True Biz” by Sara Nović

Review by Yvonne Selander, collection development librarian

The boarding school River Valley School for the Deaf is where our protagonists come together. Austin is multi-generation deaf and is the golden boy of the upper classes. While his father is hearing, his world is upended when his baby sister is born hearing. Charlie’s divorced parents reluctantly come to the agreement to send her to deaf school. Her mother is still reeling that the cochlear implant is hurting more than helping her daughter. February, the headmistress, is hearing but born of deaf parents. She is running the school and trying to keep her marriage and life together knowing that the school may close and her students will lose their refuge. 

This book is a glimpse into the deaf community and the rich language and culture surrounding ASL and the various dialects. The paradigm shift of seeing deafness as a disability to instead a thriving culture/language was jarring for me who is hearing and hasn’t made many deaf acquaintances. There are some storylines unique to the deaf community and there are others that any community can relate to: falling in love, struggling to fit in and wanting to fight for what you care about. The characters are well-developed and make good and bad choices, and we’re with them every step of the way.

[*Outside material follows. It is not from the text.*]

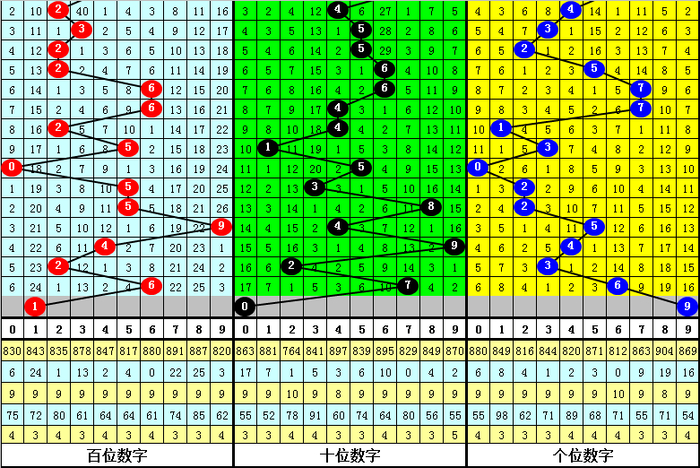 第三位上期开出奖号6,走大3点,本期该位继续走大,参考号码9。

If you are an audiobook listener, or even if you aren’t, I highly encourage you to listen to this book. I was skeptical at first – how would they be able to show that a conversation was in sign language in an audio format? In the print these conversations are italicized. For the audio there is static and clicks as background noise to indicate a change to sign language. It is a mechanism that works much better than I expected and helped immerse me into the book just like an accent for speech in another language.